Fed Quick Analysis: Three hawkish taper twists set to lift dollar

  • The Federal Reserve announced tapering worth $15 billion/month, but beginning already in November. 
  • Flexibility in the tapering program allows increasing the pace later on. 
  • Comments on inflation are less confident.

The devil is in the details – while the Fed has been preparing markets for its tapering decision for months, there are still three hawkish twists that could push the dollar higher.

First, the process begins already this month, contrary to expectations of kicking it off in December, when markets are quieter. Kicking it off early means being able to end it earlier on and raise interest rates sooner rather than later.

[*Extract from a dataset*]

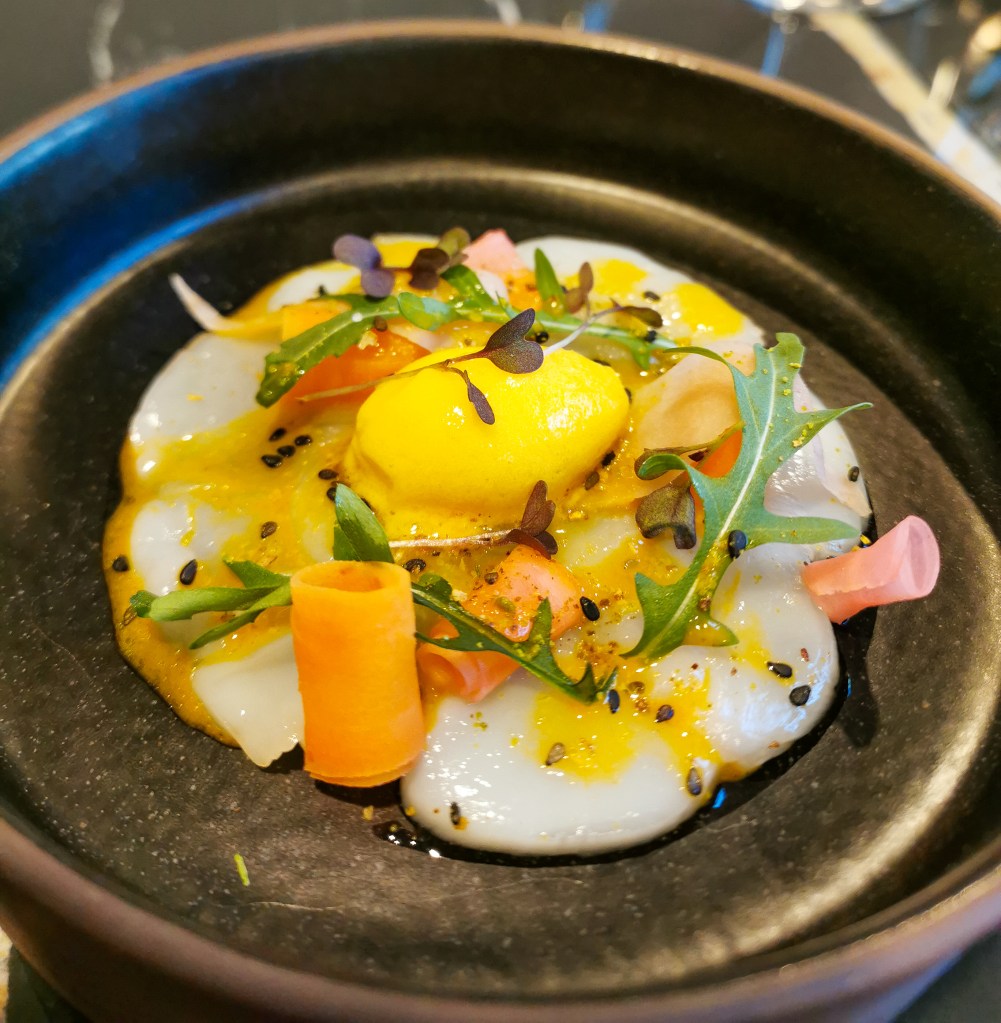 Installé sous la lumineuse verrière, vous dégusterez par exemple un Carpaccio de Saint-Jacques, carottes et fruit de la passion ou encore un Maquereau brûlé avec un petit tartare de betterave et pomme acidulée, mais aussi une émulsion au lait de coco pour la rondeur.

Secondly, and more importantly, the Fed has laid out its path for cutting bond-buying in the next two months. What happens next? While central banks and especially the Fed prefer being predictable, there is room for flexibility. They are explicitly ready to adjust the pace.

Third, the comment on inflation is less certain, showing some worries that prices rises could remain elevated: "Inflation is elevated, largely reflecting factors that are expected to be transitory" (emphasis added). Beforehand, it was "largely reflecting transitory factors." Only a nuance? Not exactly, markets are watching every word and every subtle change. 

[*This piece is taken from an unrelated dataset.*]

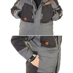 Удобный зимний костюм со всеми необходимыми элементами, предназначенными для зимней рыбалки. Предназначен для эксплуатации при температуре до –35°С. Мембранная ткань. КУРТКА: Проклеенные швы, двух замковая застежка-молния YKK с клапаном, капюшон крепится с помощью замка-молнии, двухуровневая регулировка капюшона. Фиксатор, стягивающий куртку в области талии, фиксатор стягивающий низ куртки. Удобные карманы внутри и снаружи, два наружных кармана с влагозащитными застежками-молниями, теплый карман для мобильного телефона. Эластичные манжеты, регулируемые наружные манжеты на рукавах. Усиление материала на плечах. Светоотражающие нашивки безопасности. ПОЛУКОМБИНЕЗОН: Регулируемые по длине лямки, нагрудный карман, два наружных кармана с замками-молниями. Два накладных вместительных кармана, усиление материала в области колен и седалища, внутренние снегозащитные гетры.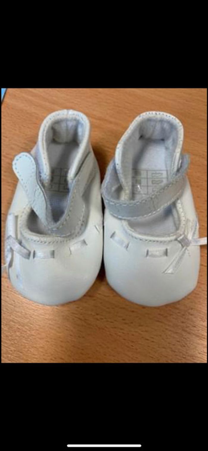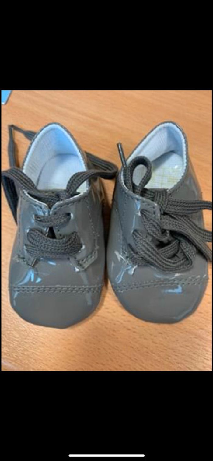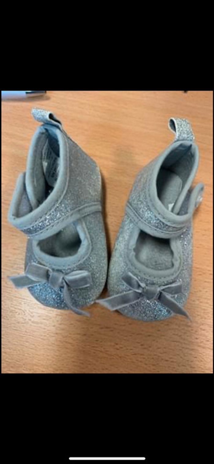 lot pour bébé : chaussures vernies grises(portées une fois) chaussures blanches (neuves) chaussures à paillettes chaussons « souris » gris 2 paires de moufles nouveau né (jamais portées, juste lavées)

Overall, the Fed delivered a $15 billion/month tapering as expected but these three details are pointing to an earlier "lift-off" – rate hikes – and that is the bottom line for markets. 

For the dollar, it means the knee-jerk reaction to the downside is likely the wrong one. While a lot depends on the words of Fed Chair Jerome Powell and on analysts' interpretations, the initial take is dollar-positive.